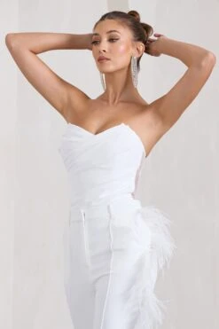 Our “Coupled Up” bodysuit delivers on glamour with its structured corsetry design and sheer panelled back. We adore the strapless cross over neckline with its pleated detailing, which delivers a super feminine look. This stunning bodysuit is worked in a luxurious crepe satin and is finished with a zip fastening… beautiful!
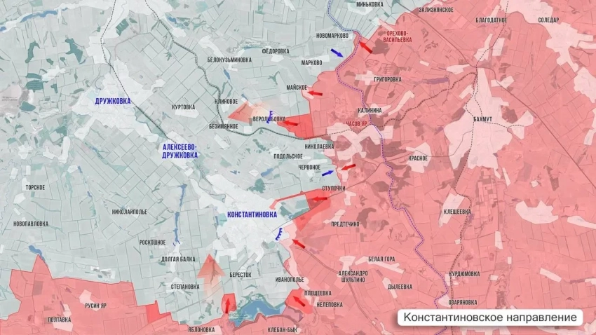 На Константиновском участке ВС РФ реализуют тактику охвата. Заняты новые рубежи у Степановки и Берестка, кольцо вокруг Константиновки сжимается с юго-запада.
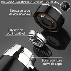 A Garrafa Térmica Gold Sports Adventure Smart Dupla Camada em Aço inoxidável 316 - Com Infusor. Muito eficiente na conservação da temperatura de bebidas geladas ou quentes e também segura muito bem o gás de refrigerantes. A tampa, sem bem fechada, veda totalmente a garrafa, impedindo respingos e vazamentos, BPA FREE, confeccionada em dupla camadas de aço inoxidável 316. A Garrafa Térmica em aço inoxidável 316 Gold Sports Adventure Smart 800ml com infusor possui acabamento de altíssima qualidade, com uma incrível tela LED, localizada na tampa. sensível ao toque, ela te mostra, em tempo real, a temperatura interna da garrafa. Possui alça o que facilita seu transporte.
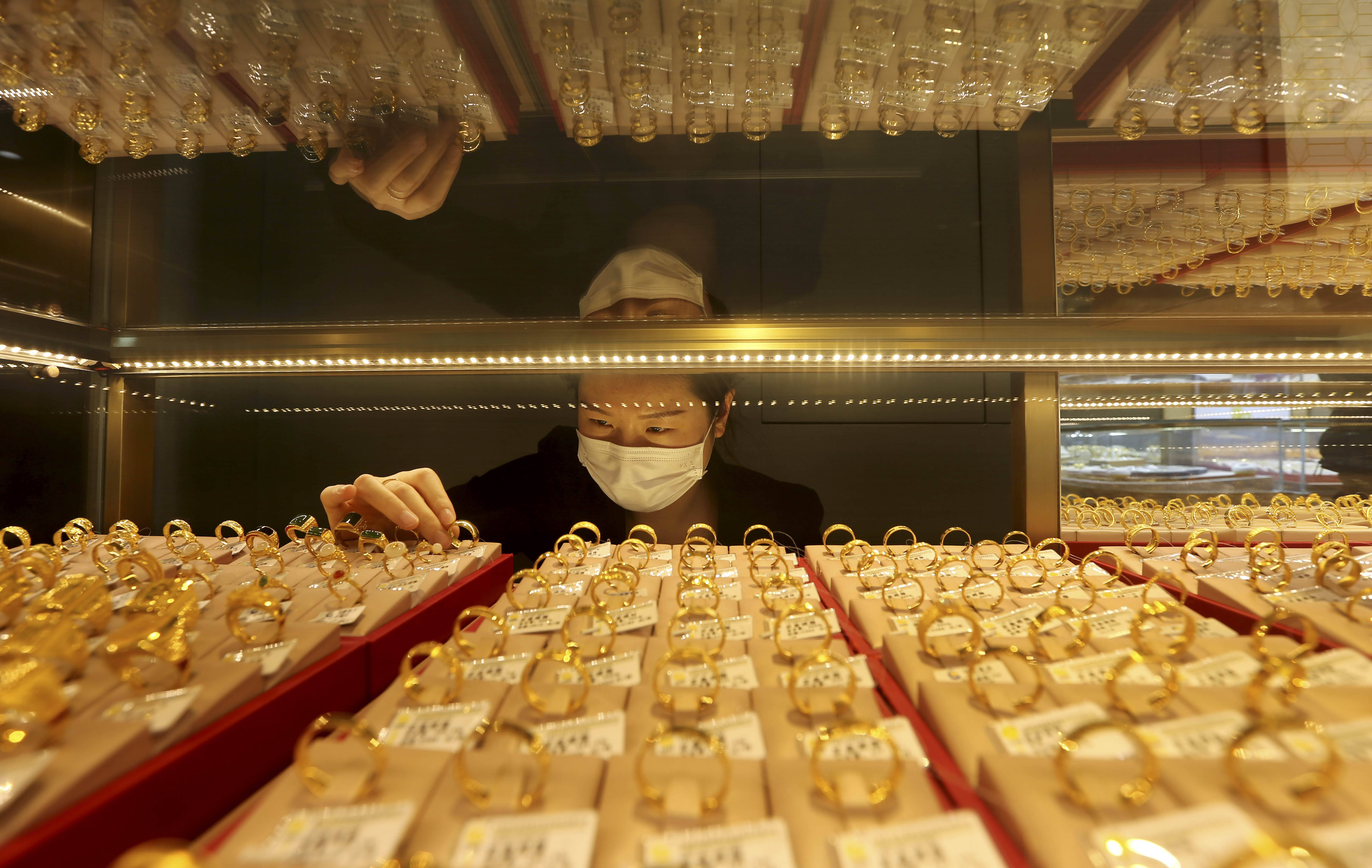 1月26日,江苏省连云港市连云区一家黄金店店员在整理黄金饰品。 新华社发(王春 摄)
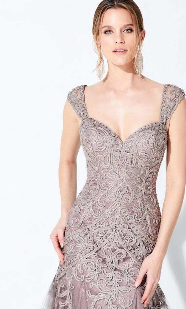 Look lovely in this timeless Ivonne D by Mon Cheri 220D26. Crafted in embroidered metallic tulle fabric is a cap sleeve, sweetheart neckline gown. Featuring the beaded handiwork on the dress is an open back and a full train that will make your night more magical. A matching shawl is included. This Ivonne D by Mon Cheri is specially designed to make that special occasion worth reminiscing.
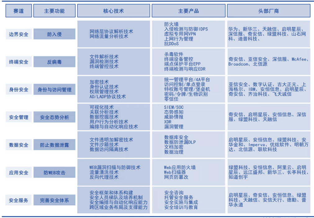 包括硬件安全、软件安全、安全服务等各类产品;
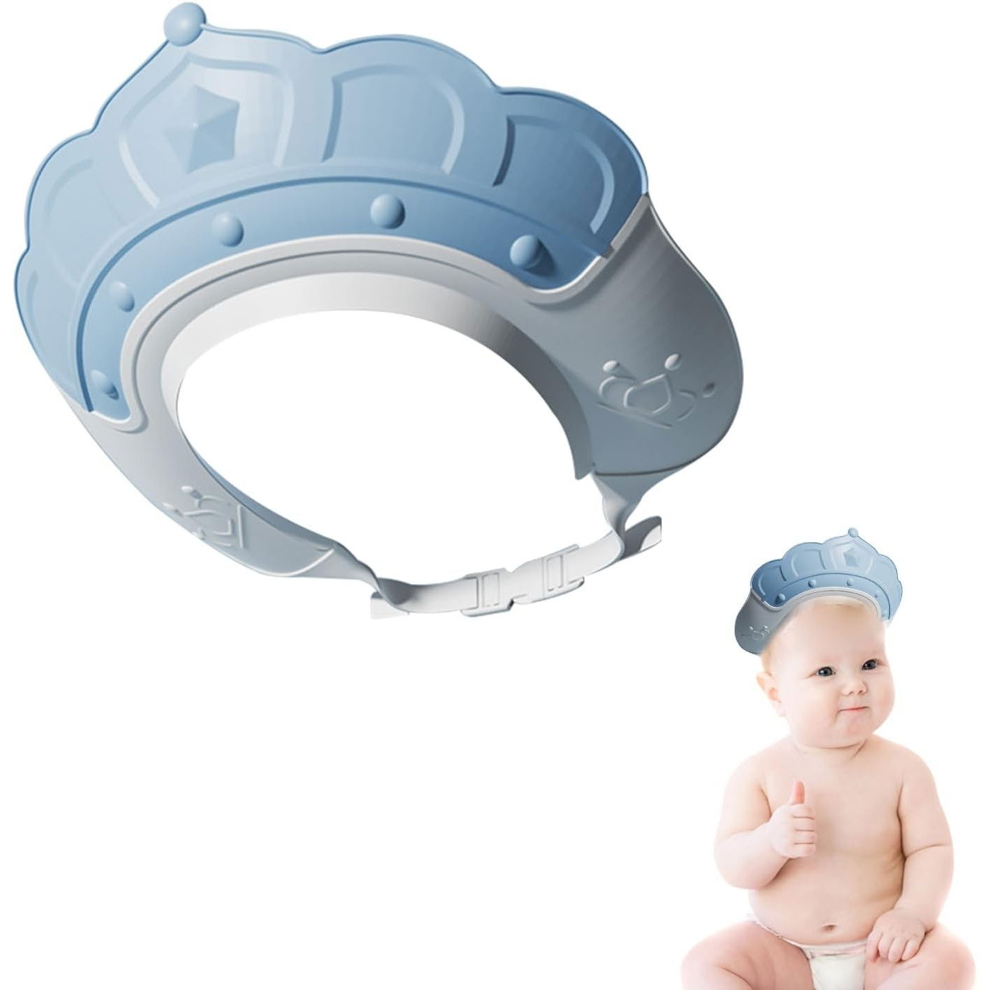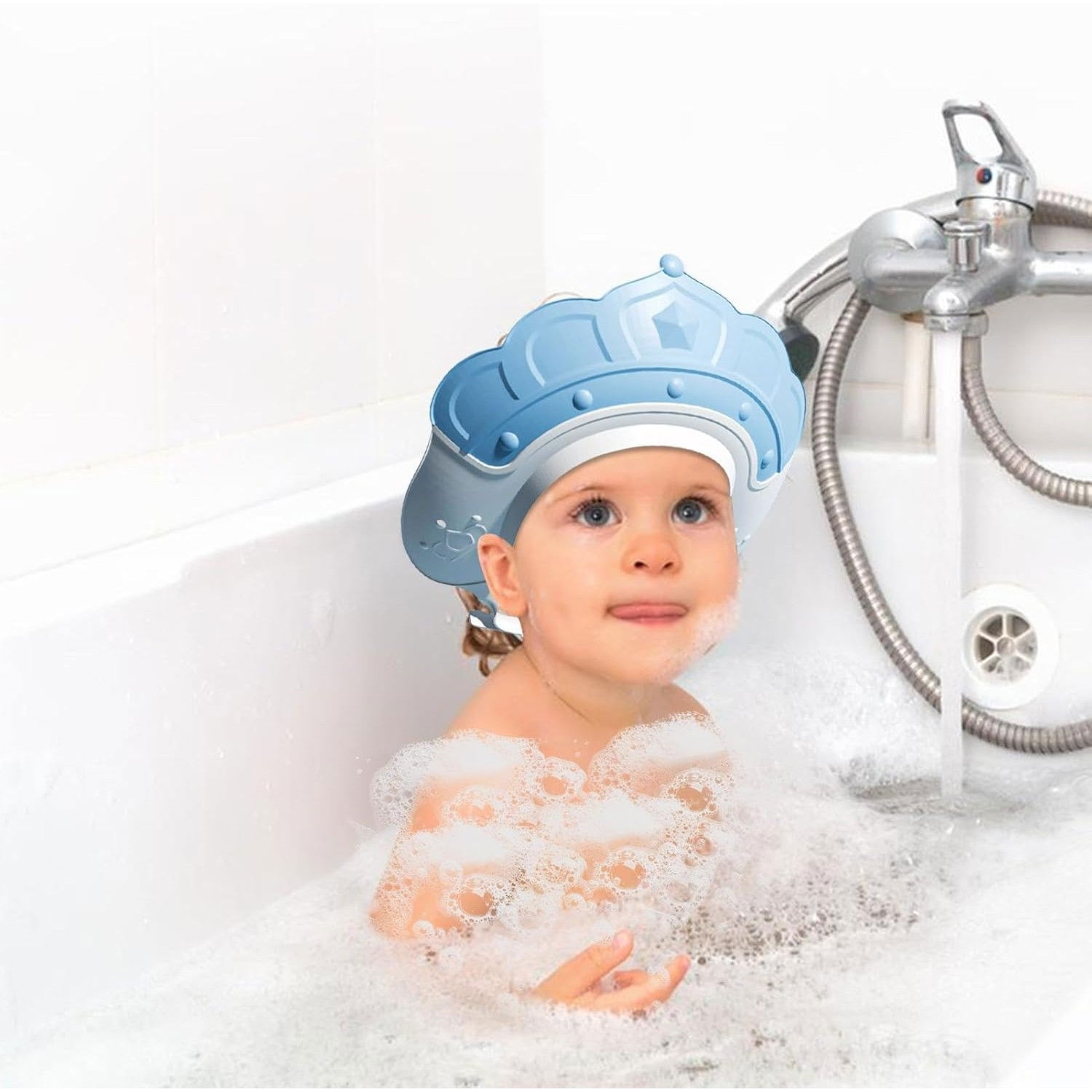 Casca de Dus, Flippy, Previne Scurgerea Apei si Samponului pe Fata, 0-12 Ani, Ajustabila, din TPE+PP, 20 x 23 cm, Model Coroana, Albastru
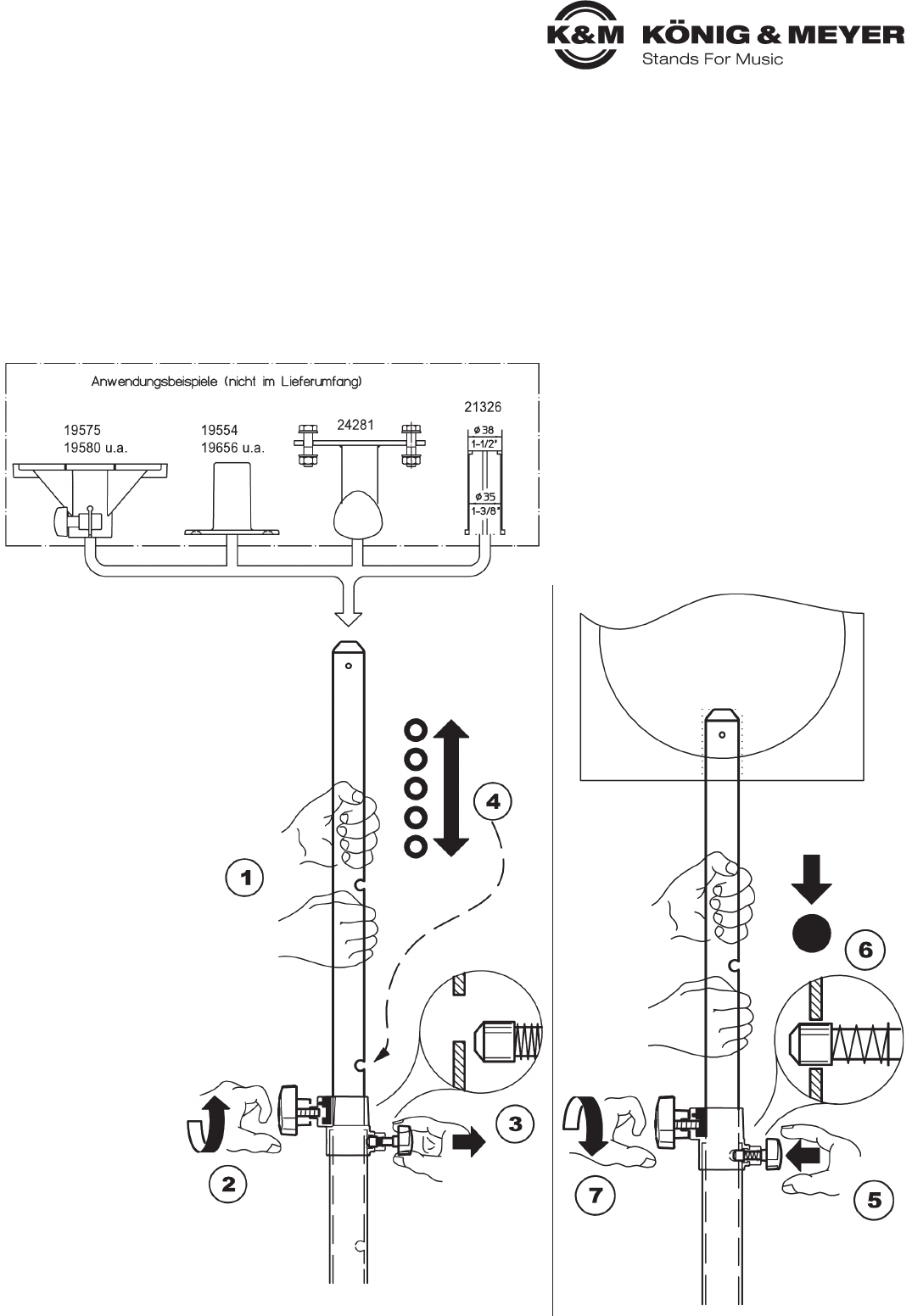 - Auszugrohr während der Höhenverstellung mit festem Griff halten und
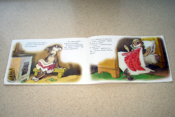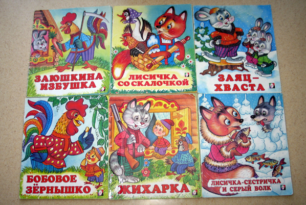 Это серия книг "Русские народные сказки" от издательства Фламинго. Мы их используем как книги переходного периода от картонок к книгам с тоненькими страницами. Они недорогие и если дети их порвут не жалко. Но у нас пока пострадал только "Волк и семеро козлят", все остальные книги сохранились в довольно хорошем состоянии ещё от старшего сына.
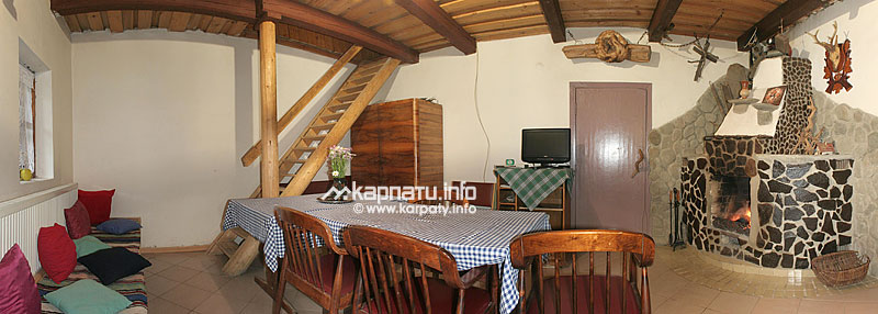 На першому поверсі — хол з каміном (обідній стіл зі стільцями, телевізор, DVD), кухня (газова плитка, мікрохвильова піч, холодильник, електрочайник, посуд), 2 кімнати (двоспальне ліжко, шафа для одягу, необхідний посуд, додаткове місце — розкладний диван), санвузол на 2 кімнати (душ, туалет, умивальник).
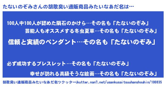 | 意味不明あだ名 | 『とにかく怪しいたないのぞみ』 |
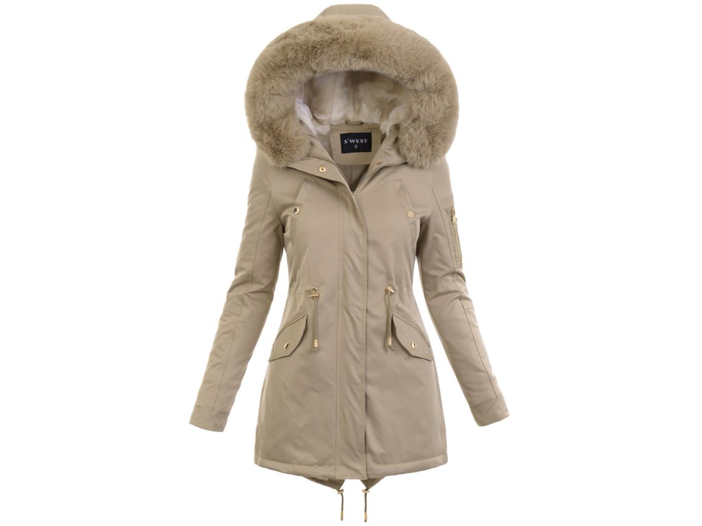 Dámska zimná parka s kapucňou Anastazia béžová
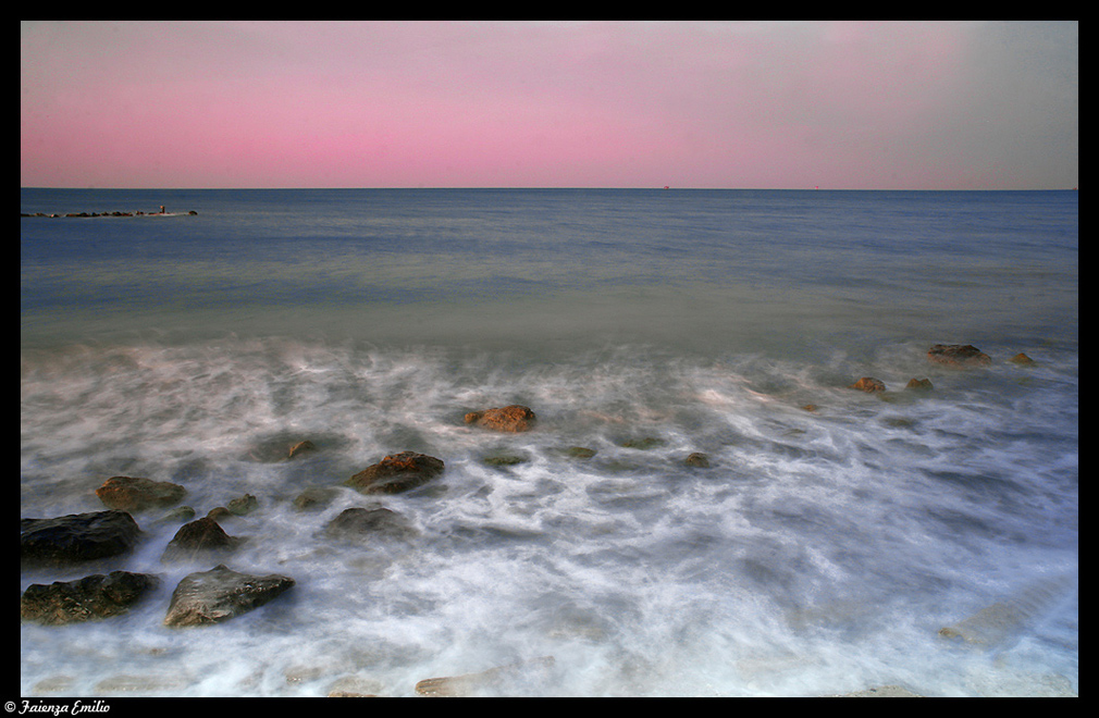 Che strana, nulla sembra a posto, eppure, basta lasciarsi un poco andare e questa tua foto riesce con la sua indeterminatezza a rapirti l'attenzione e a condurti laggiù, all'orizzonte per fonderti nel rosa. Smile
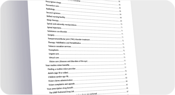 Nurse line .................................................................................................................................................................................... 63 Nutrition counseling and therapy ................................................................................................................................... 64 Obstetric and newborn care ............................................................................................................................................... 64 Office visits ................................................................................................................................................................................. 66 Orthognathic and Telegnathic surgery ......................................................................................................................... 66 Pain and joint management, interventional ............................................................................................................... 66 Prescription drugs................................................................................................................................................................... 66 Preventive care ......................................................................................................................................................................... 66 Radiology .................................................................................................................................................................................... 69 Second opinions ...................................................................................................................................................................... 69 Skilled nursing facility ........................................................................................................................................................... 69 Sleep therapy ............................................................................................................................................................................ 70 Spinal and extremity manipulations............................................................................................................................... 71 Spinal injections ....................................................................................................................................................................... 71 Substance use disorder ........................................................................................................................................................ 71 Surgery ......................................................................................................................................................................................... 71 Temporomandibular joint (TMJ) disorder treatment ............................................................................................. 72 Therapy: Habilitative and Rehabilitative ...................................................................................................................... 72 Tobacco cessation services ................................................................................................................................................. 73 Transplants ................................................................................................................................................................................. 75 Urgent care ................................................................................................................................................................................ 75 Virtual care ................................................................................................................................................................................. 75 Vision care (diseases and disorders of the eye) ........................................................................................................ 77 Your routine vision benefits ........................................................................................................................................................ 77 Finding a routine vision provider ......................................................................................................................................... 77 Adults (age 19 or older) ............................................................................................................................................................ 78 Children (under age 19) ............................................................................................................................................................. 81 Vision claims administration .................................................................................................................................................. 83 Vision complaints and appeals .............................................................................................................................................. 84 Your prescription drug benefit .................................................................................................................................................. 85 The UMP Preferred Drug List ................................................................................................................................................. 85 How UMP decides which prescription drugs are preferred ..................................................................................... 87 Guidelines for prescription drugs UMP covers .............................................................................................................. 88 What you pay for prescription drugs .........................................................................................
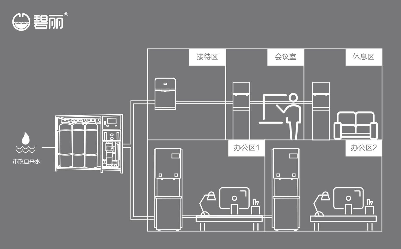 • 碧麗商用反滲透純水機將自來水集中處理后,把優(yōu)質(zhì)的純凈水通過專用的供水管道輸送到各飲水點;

+ + +

**Exercise goal**
From the records above, copy exactly the lines starting at the one with "包括硬件安全、软件安全、安全服务等各类产品;" and ending at the one with "- Auszugrohr während", and no others. Pictures stay out.

**Reply**
 包括硬件安全、软件安全、安全服务等各类产品;
 Casca de Dus, Flippy, Previne Scurgerea Apei si Samponului pe Fata, 0-12 Ani, Ajustabila, din TPE+PP, 20 x 23 cm, Model Coroana, Albastru
 - Auszugrohr während der Höhenverstellung mit festem Griff halten und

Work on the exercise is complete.